On appeal we must resolve all conflicts in the evidence in favor of the judgment and indulge in all reasonable inferences to uphold the verdict if possible. We may not substitute our judgment for that of the jury or set aside the jury's finding if there is any evidence which under any reasonable *311 view supports the jury's apportionment of fault. (Metzger v. Barnes (1977) 74 Cal. App.3d 6, 9-10 [141 Cal. Rptr. 257]; Rangel v. Graybar Electric Co. (1977) 70 Cal. App.3d 943, 945-946 [139 Cal. Rptr. 191].)
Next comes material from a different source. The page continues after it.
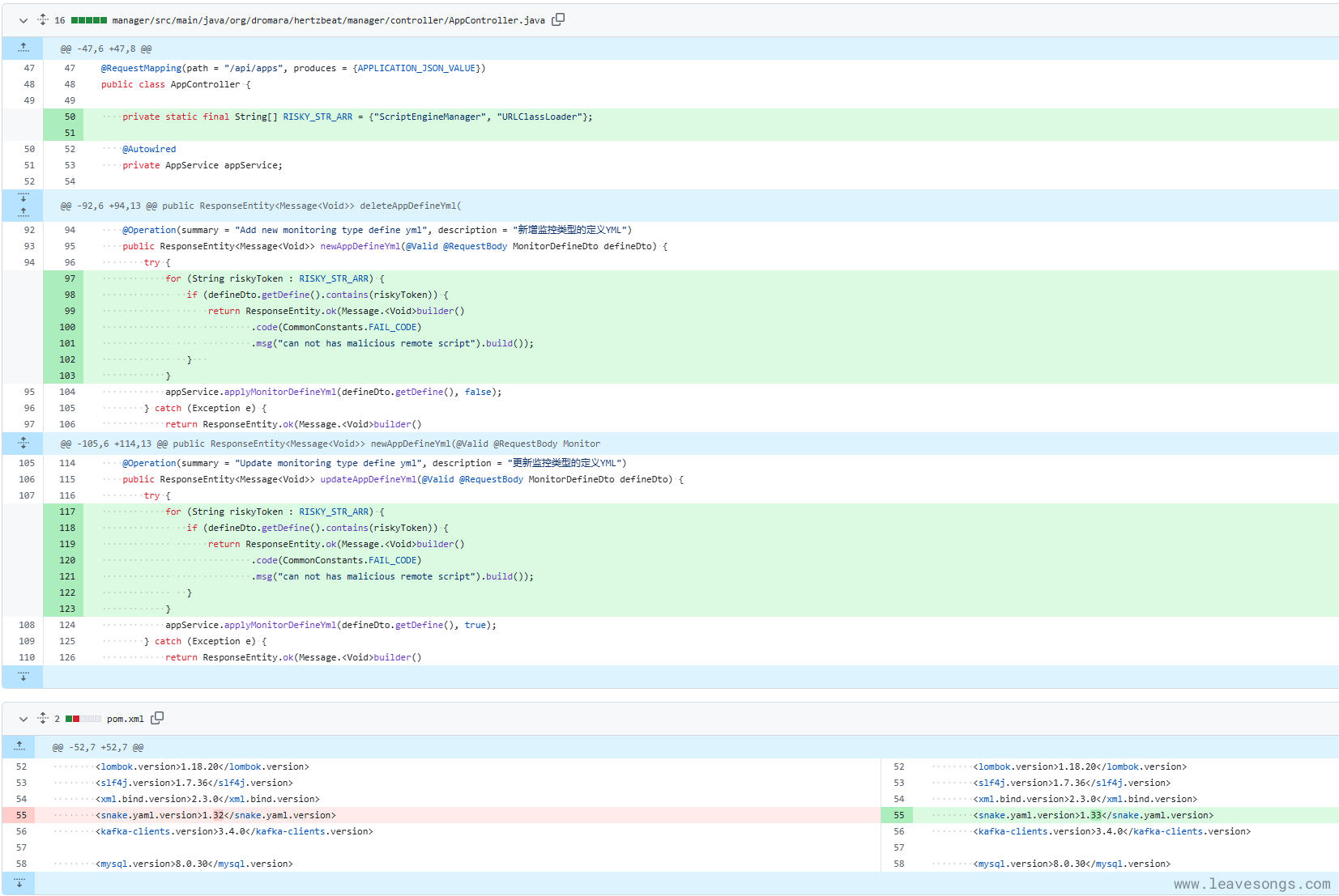HertzBeat在解析YAML的时候使用了SnakeYAML,而SnakeYAML在满足如下两个条件时,将会存在反序列化漏洞(CVE-2022-1471):

The judgment is affirmed. The order denying defendant's motion for judgment notwithstanding the verdict is affirmed.

Kaus, P.J., and Stephens, J., concurred.

NOTES

[1] A total of 1.74 inches precipitation was recorded for the Los Angeles Civic Center on September 10, 1976.

[2] Plaintiff's expert testified that a rubber mat and a wet terrazzo floor have different coefficients of friction, and that a person stepping from the mat to the floor would be likely to slip.
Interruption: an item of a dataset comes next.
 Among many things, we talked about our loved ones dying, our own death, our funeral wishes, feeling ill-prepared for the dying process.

[3] Gold v. Arizona Realty etc. Co. (1936) 12 Cal. App.2d 676 [55 P.2d 1254]; Crawford v. Pacific States S. & L. Co. (1937) 22 Cal. App.2d 448 [71 P.2d 333]; Owen v. Beauchamp (1944) 66 Cal. App.2d 750 [152 P.2d 756]; Girvetz v. Boys' Market, Inc. (1949) 91 Cal. App.2d 827 [206 P.2d 6]; Frank v. J.C. Penney, Inc. (1955) 133 P.2d 123 [283 P.2d 291]; Oldenburg v. Sears, Roebuck & Co. (1957) 152 Cal. App.2d 733 [314 P.2d 33]; Perez v. Ow (1962) 200 Cal. App.2d 559 [19 Cal. Rptr. 372]; Romeo v. Jumbo Market (1967) 247 Cal. App.2d 817 [56 Cal. Rptr. 26]. Numerous similar cases are summarized in Oldenburg v. Sears, Roebuck & Co., supra, 152 Cal. App.2d at pages 746-748, asterisked footnote.

[4] Dr. Silver relied upon evidence in the medical record that plaintiff suffered an injury to her left knee in 1971; had back trouble with weakness or pain radiating to the left leg in 1974; complained on July 21, 1976, of pain in the left knee, giving a vague history of the kneecap "giving out"; and complained on August 16, 1976, that her left leg went out from under her for no apparent reason.